From its very beginning, Parmigiani Fleurier has always stood for the very fundamental values of fine watchmaking, with a flair for all the artistry that goes with the technical excellence. It’s natural given that Michel Parmigiani, the founder, started his career in 1976 with his own watchmaking and restoration workshop, at a time when the industry was in the midst of an existential crisis driven by the advent of quartz watches. His reputation grew quickly, and he was entrusted with the restoration of several notable pieces, including the Maurice-Yves Sandoz collection of pocket watches and automatons, one of the most important in Switzerland. With the Sandoz Foundation’s support, Parmigiani founded the namesake maison in 1996, which has continued his vision of merit at every level of the watchmaking process.
For many years though, Parmigiani Fleurier showed considerable promise, but somehow did not gain the traction that would have been expected given the incredible horological content imbued into each of its timepieces. Perhaps what it needed was a fresh perspective, which is exactly what its CEO, Guido Terreni, brought when he joined the company in 2021. With more than 20 years’ experience in the industry, Terreni quickly set out to re-focus Parmigiani’s watch offerings, more tailored to today’s enthusiasts and bringing in a new clientele with a streamlined look, all while providing the same watch excellence that connoisseurs already knew to associate with the maison. This is well exemplified with the new Tonda PF Sport collection, comprised of two models, Automatic and Chronograph, each available in either stainless steel or 18K rose gold. They’re a natural evolution of the previous Tonda GT models, albeit with numerous fine aesthetic adjustments to ensure that there is a closer linkage with the Tonda PF, the core elegant collection within the maison’s offerings.

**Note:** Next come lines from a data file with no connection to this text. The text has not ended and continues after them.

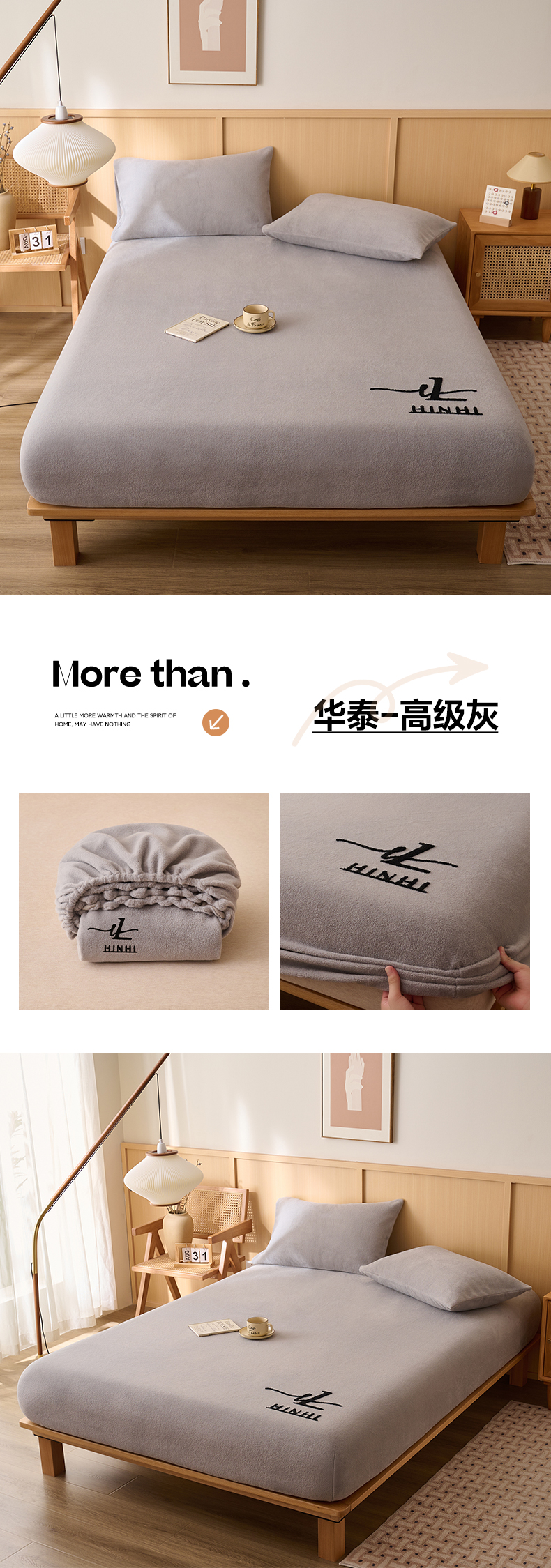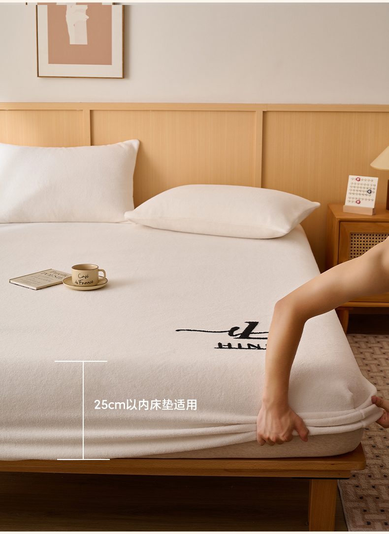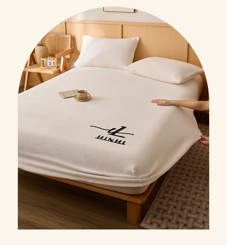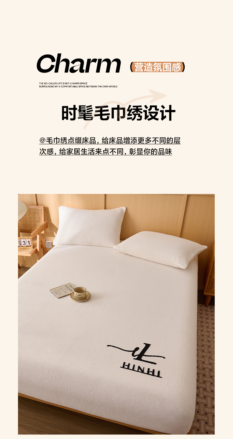 早晨家纺 2025新款华泰款高克重牛奶绒仿羊绒毛巾绣单床笠 华泰-奶白
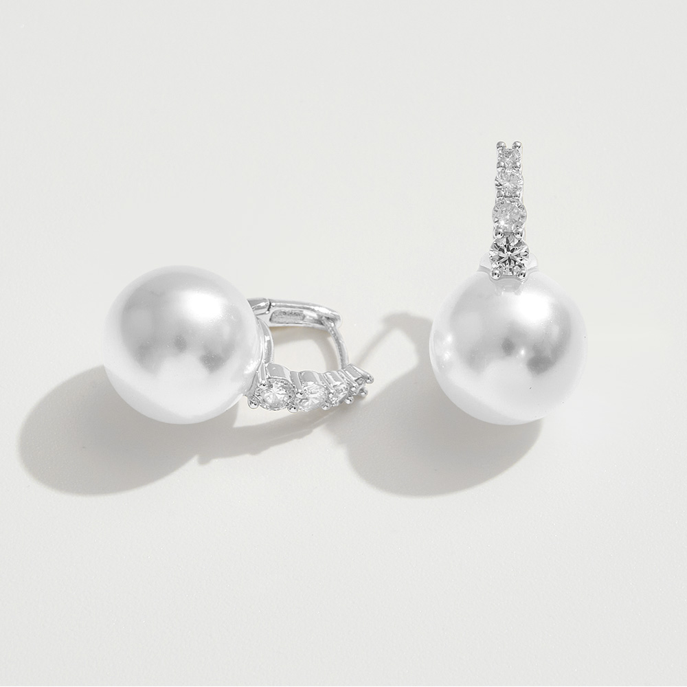 Details • Size : 0.7" X 1" • Hugie Back • These graceful drop earrings feature a lustrous pearl suspended from a line of sparkling stones, blending timeless charm with modern elegance. Perfect for weddings, evening events, or everyday sophistication, they add a refined touch to any jewelry collection. • Brass • CZ Cubic Zirconia • Gold Dipped • Hypoallergenic • Lead and Nickel Compliant • Made In Korea
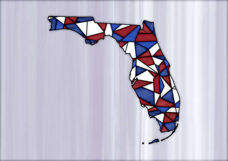 digital illustration with map of the State of Florida in stained glass style, with red, blue and white colors
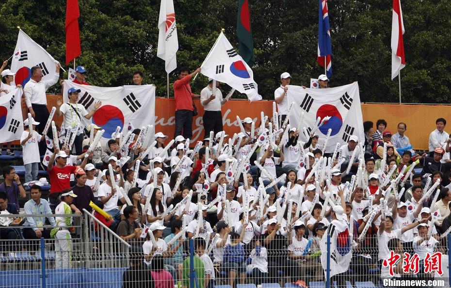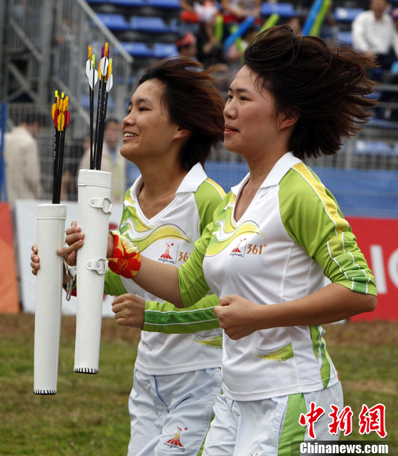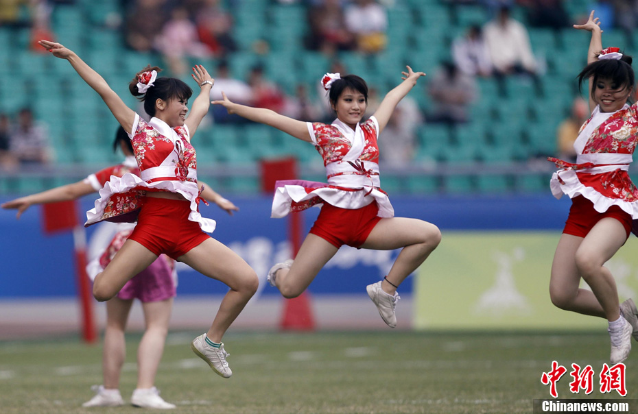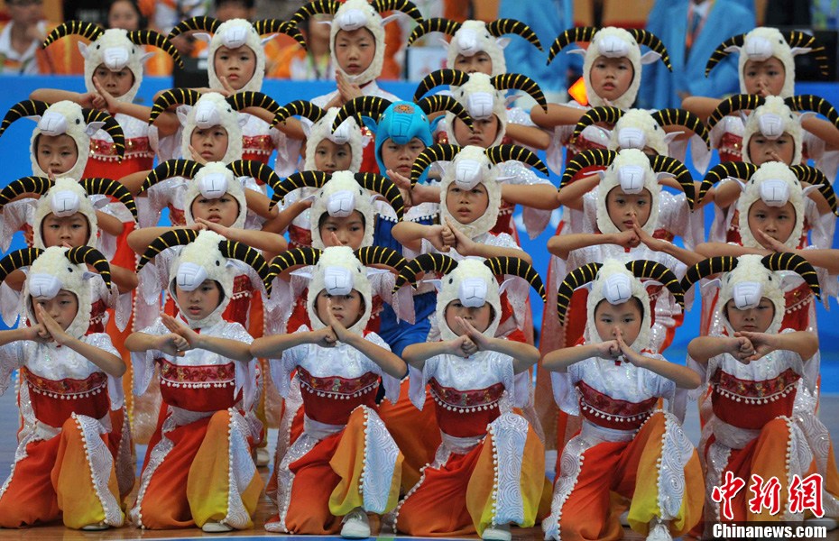 21日晚,一群武術小羊亮相廣州國際體育演藝中心,為在此舉行的亞運會男籃比賽中韓之戰暖場。中新社記者 柯小軍 攝

It takes a very keen eye to spot the differences between the PF and the PF Sport, although they become quite clear once described. The bezel, for example, has 160 incisions rather than the 225 applied to the “regular” Tonda PF. It may seem trivial, but along with a slightly larger crown, it gives the PF Sport a bolder, arguably more casual look, again in line with the desired differentiation between the two collections. For the Tonda PF Sport Automatic, along with the restrained 41mm case size, the addition of a centre seconds hand is very deliberate, keeping with the weekend lifestyle ethos, also in contrast with the regular PF model which simply omits a second hand entirely. The guilloché pattern on the dial is a very traditional classical element that evokes Parmigiani’s fine watchmaking experience and has also been adapted with a finer “grain” when compared with the previous GT collection, emphasizing again that, although this is the sports-oriented offering from the maison, it is only a slight step away from the desired style of the Tonda collection. It never pretends to stray into the realm of the active sports watch, preferring to be the choice for a weekend trip.

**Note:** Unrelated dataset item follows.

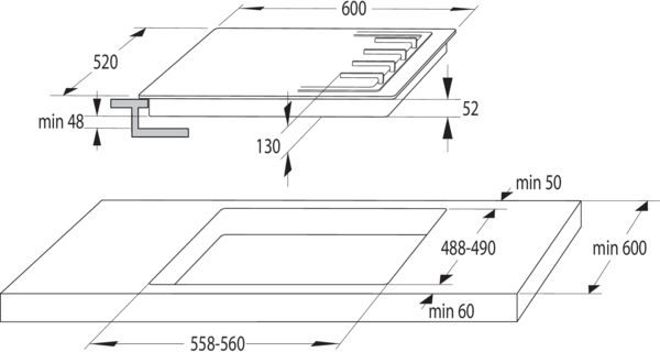 | Розміри для вбудовування (ШхГ), мм | 558-560х488-490 |
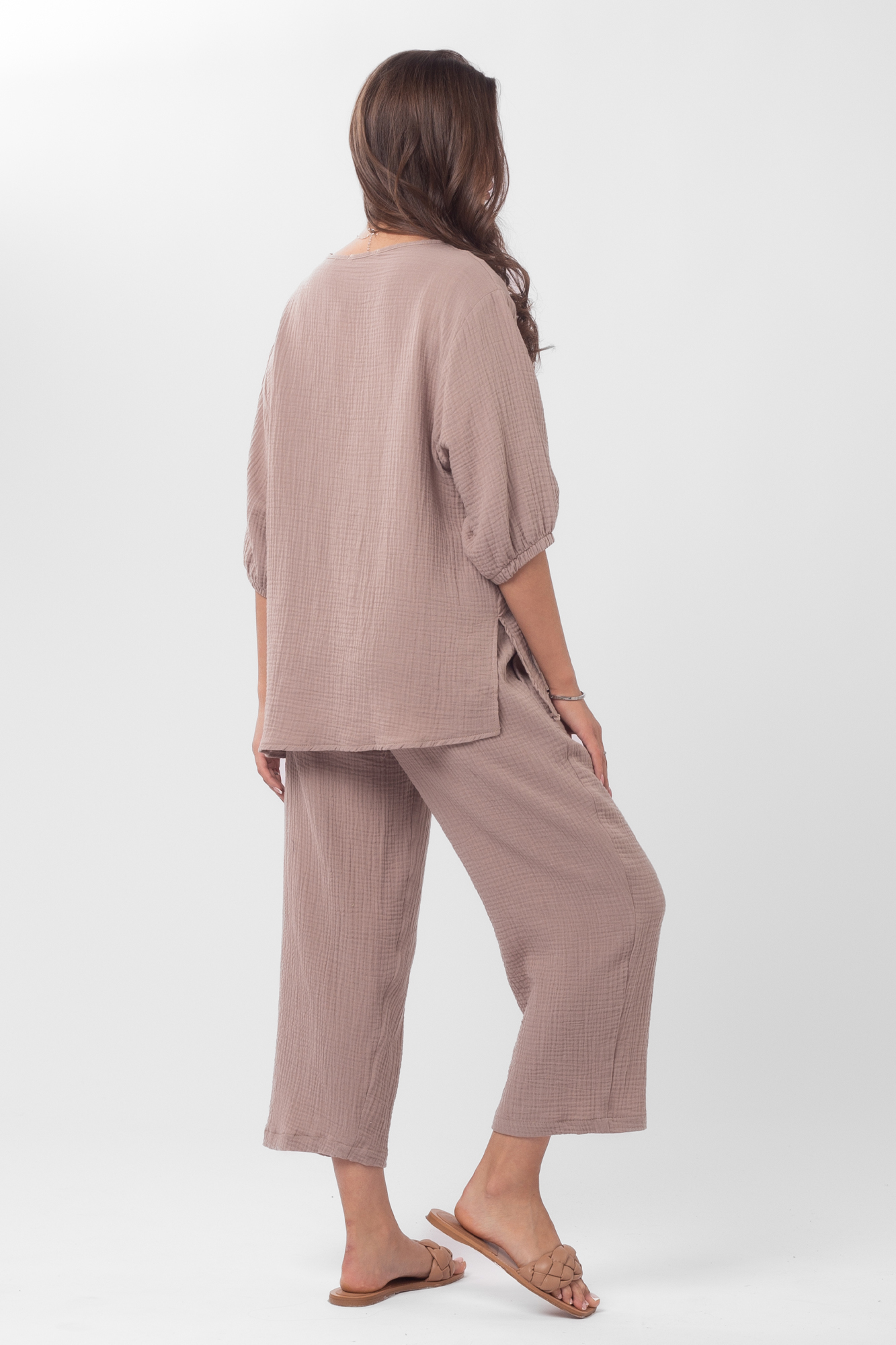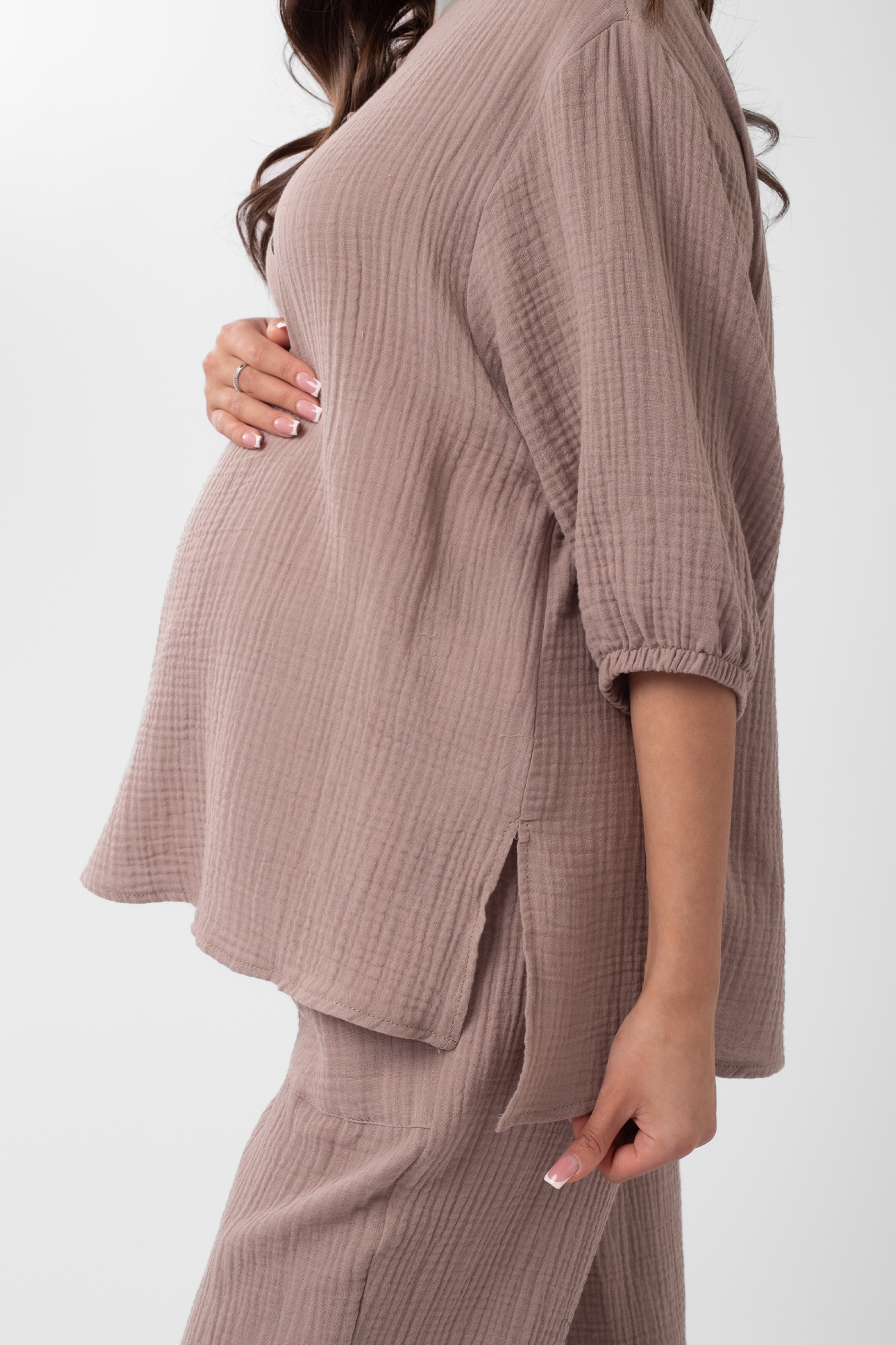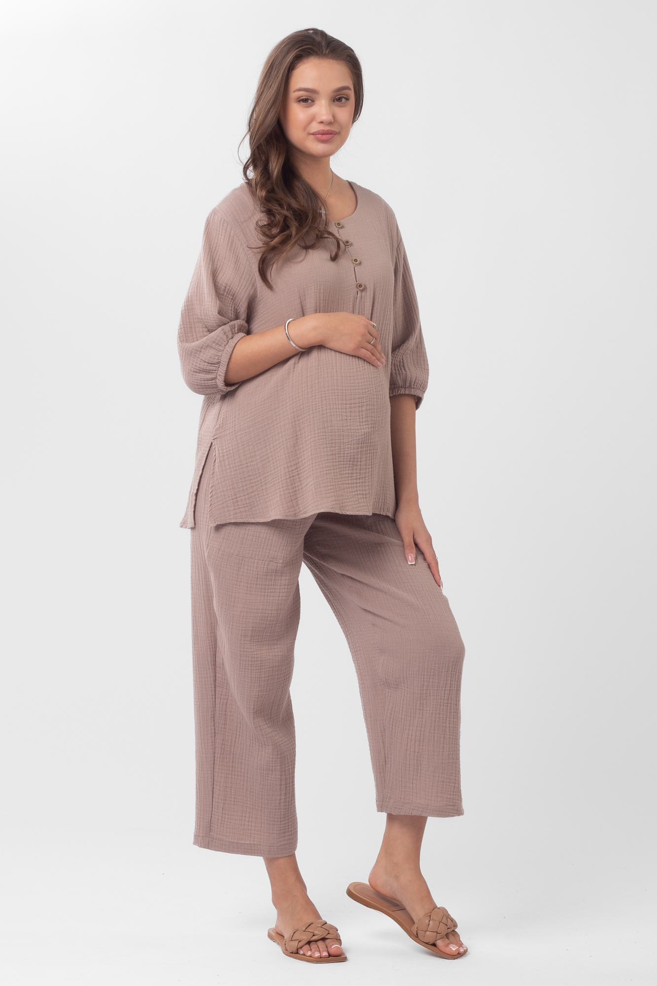 Стильный костюм для беременных из хлопокового муслина идеально подойдет на теплую весну и лето. Фактурная тканьна основе хлопка дышит, не раздражает кожу, легко впитывает влагу. В комплект входит две вещи: блузка с рукавом 3/4 на резинке и брюки кюлоты. Кофта с удлиненной спинкой, небольшими разрезами по бокам, круглой горловиной, украшена пугов. Штаны свободного кроя и укороченной длины оснащены низким поясом с мягкой резинкой и шнуровкой для регулировки объема. Легкий костюм можно носить на любом месяце беременности и после рождения малыша. Летний костюм с широкими укороченными брюками подойдет для повседневной носки, станет удобным нарядом для офиса, встречи с друзьями или на выписку. Костюм в духе oversize выполнен в стандартной размерной линейке и представлен в двух пастельных однотонных расцветках.

The Tonda PF Sport Chronograph is even more evidently targeted to an active lifestyle by virtue of its additional complication. However, the design restraint is very much present, for it remains much more on the elegant side of the equation. The reverse panda dial design is meant to be easily legible, on this occasion with a simplified design on the subdials without the rehaut present in its Tonda PF sibling. Another key differentiator is that the Tonda PF Sport collection is presented with a rubber strap, although we must say that it is an extremely luxurious one, being cordura-treated, handcrafted and hand-stitched, being perceptibly much more supple and comfortable on the wrist.

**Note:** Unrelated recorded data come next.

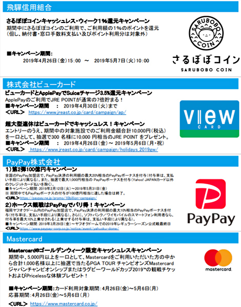 飛騨信用組合は、さるぼぼコインの利用で利用額1%ポイントを還元。ビューカードは、Apple Payの利用でJRE POINTが通常の7倍となる。PayPayは、「第2弾100億円キャンペーン」に加えて「ホークス観戦はPayPayでバリ得!キャンペーン」も実施している。Mastercardのキャンペーンは、抽選でPGA TOURチャンピオンズ「Mastercard Japan Championship」や「ラグビーワールドカップ2019」の観戦チケットが当たる。
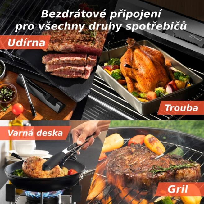 Inteligentní teploměr COSORI je navržen tak, aby se stal univerzálním pomocníkem v každé kuchyni. Lze jej bez problémů používat s různými kuchyňskými spotřebiči, jako je domácí trouba, BBQ gril, udírna nebo při vaření na klasickém sporáku. Teploměr je tak ideální pro všechny, kdo chtějí dosáhnout dokonalých výsledků bez ohledu na to, jakou metodu vaření zvolí.
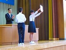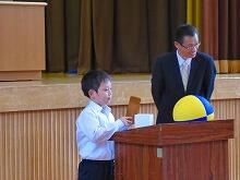 | 終業式に先立って表彰がありました。読書感想文で入賞しました。 | こちらは、近視ポスターです。 | 救急に関するポスターで入賞しました。 | 大きさに惑わされない。脳を使って神経をつないで使っているところをいっぱいにしないともったいない。 | ゆっくり休んで2学期に元気に来ること、読書をすること、台風が近づいた時は出歩かないこと。どれも大切です。 |
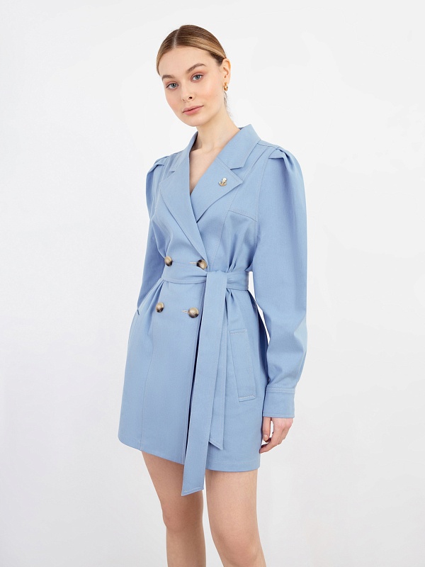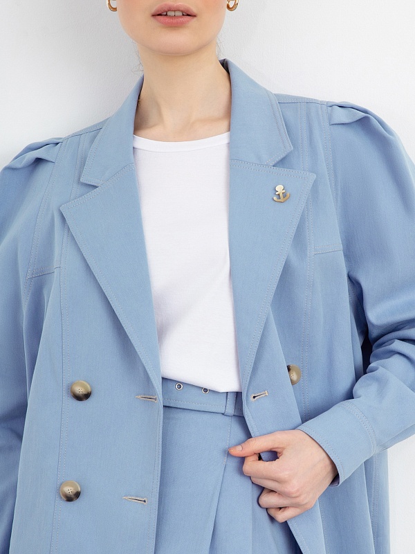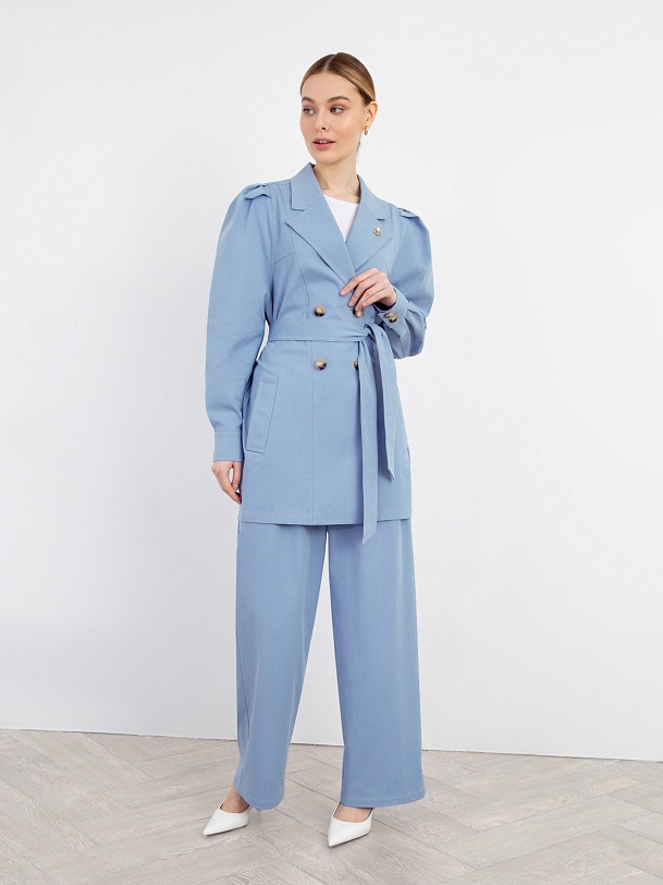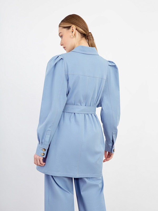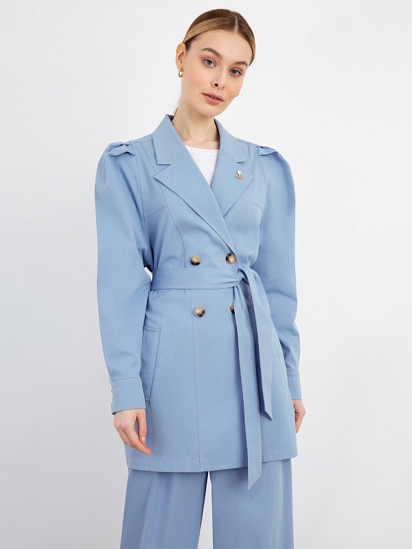 Жакет голубой женский удлиненный с поясом

Both models in the Tonda PF Sport collection are equipped with manufacture movements, the Automatic beating at 28,800vph and its double barrel providing 60 hours of power reserve, whilst the Chronograph opts for a higher frequency at 36,000vph, leading to a more precise timing interval of 1/10th. A larger diameter movement also allows for a more substantial barrel, with 65 hours of power reserve. The winding rotor, in gold on both models, sees a sportier design inspired by the steering wheel of a classic car.
We can certainly see a compelling vision that has taken shape in the past two years, from the Tonda PF and now the Tonda PF Sport collections. Parmigiani Fleurier has been taking concrete steps to streamline its collections, with a clear identity geared towards elegance and discretion, all with the utmost respect for the traditions of haute horlogerie.